Boeing has said it believes the jet is safe, but said it eventually concurred with the decision by U.S. authorities to ground the jet out of an "abundance of caution," according to a written statement from Chief Executive Dennis Muilenburg. The U.S. Federal Aviation Administration on Wednesday joined other regulators in grounding the 737 MAX.
Regarding the deliveries pause, a person familiar with the matter said constraints Boeing faces include places to park the aircraft once the jets are built at the company's factory in Renton, Wash.
The facility abuts a small airport, but parking is scarce so the planes must be flown to nearby King County International Airport, also known as Boeing Field, before delivery to customers.
It wasn't immediately clear how many 737 MAX planes Boeing could store at the airfield. A spokesman for the airport's operator didn't immediately respond to a request for comment Thursday about how much additional parking space Boeing had at the airfield. But the operator has said Boeing leases 106 acres there, mostly for its 737 program.
Despite the FAA's grounding order, the agency has indicated it would grant Boeing special permits to move the aircraft without passengers onboard.
Boeing is investigating alternatives should space at Boeing Field fill up, the person familiar with the matter said. It isn't clear when restrictions could be lifted, but analysts said they could remain in place for at least a matter of weeks.
The world-wide restrictions also dent Boeing's ability to generate cash. Customers pay a large chunk of their bill when they receive finished aircraft.
"It represents a clear logistical challenge," said Michel Merluzeau, director of aerospace- and defense-market analysis at AIR, a research firm in Seattle. "They have to continue to pump these planes out of the factory."
The delivery pause doesn't affect delivery of Boeing's older 737NG models. Boeing's Renton factory churns out 52 737s a month, and the company has planned to increase the rate to 57 this year. Boeing has been phasing out the 737NG as it shifts increasingly toward producing the MAX models.

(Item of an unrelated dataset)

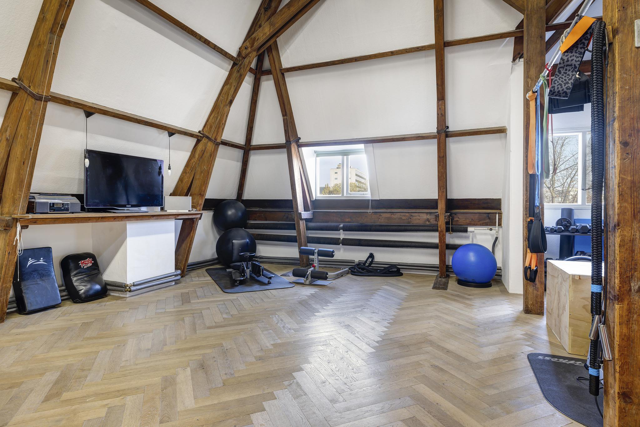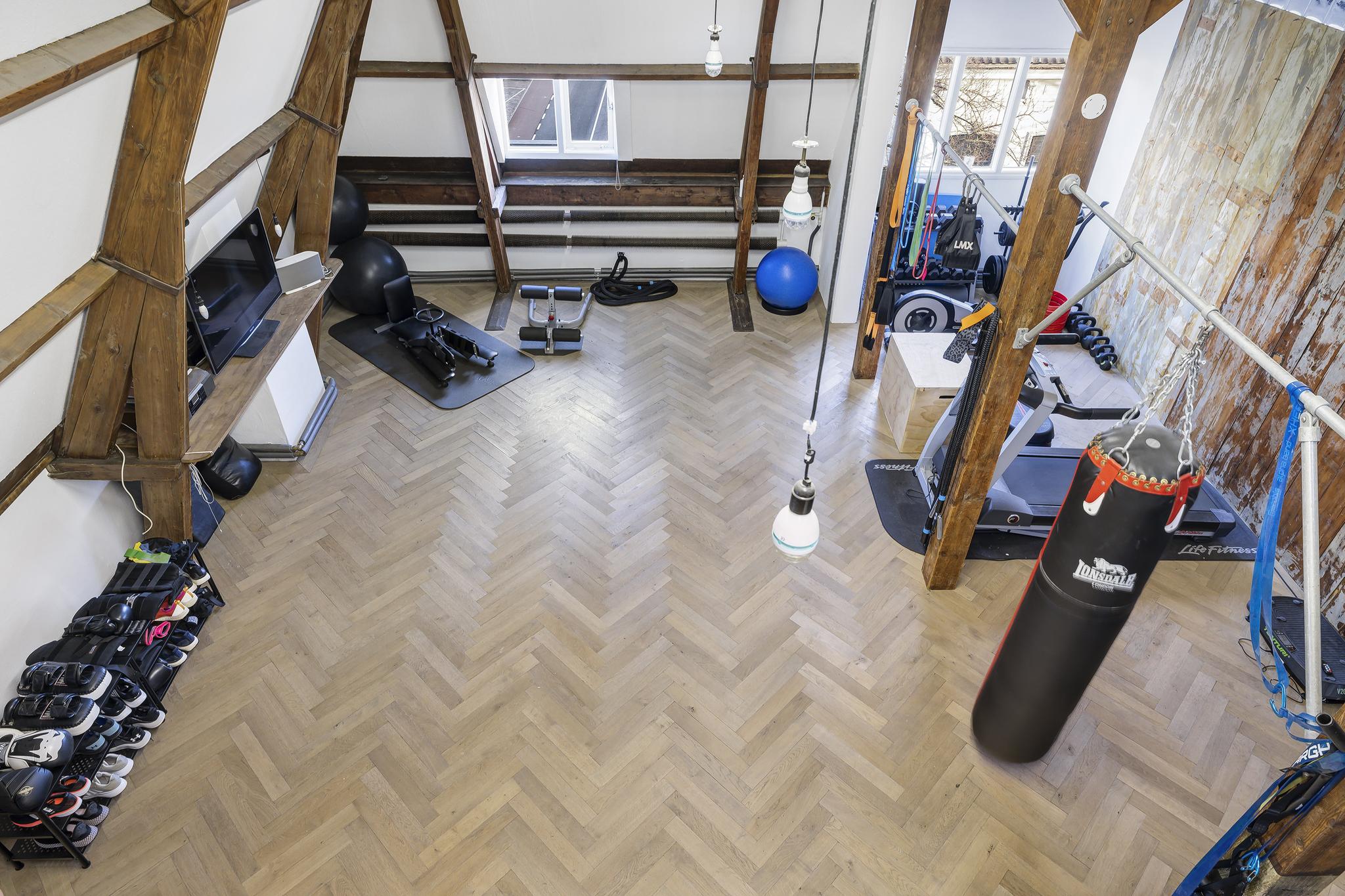Multifunctionele, maar nu zeer toffe gym met vide. De ruimte is enorm hoog, doet licht aan en het volledige dak is geïsoleerd. Ook hier (net als op alle andere verdiepingen met uitzondering van het souterrain) is de visgraatvloer terug te vinden.

Also Thursday, a senior Pentagon official indicated the U.S. Air Force has lost confidence in Boeing's ability to maintain quality control over a new aerial refueling tanker it is building.
Boeing delivered the first of the KC-46A Pegasus tankers in January, more than a year late, after a series of production and design problems left the aerospace company nursing $3.5 billion in losses on the initial $4.9 billion contract.
The Air Force then suspended deliveries in February after finding tools and other debris left in some jets, prompting a sharp rebuke from defense chiefs.
"Well, we are not happy with this at all," Will Roper, the Air Force's assistant secretary for Acquisition, Technology and Logistics, told reporters after a congressional hearing. "We do not want to be accepting tankers this way. Having teams sweep an aircraft five times is simply unacceptable."
Deliveries of the tankers resumed this week, after Boeing instituted fresh measures to check the aircraft, and the company now has handed over seven planes out of the existing 52-jet contract.
Mr. Roper said he is confident in the tanker's design and said he even flew in the model delivered this week.
A Boeing spokesman said the company was focused on safety and quality and had agreed on a plan with the Air Force to remedy the debris and quality issues. Mr. Roper said this week's efforts to search for the cause of the Boeing 737 MAX crashes had no impact on military contracts.
"The government is a fair broker," he said. "We're dealing with this issue as it is."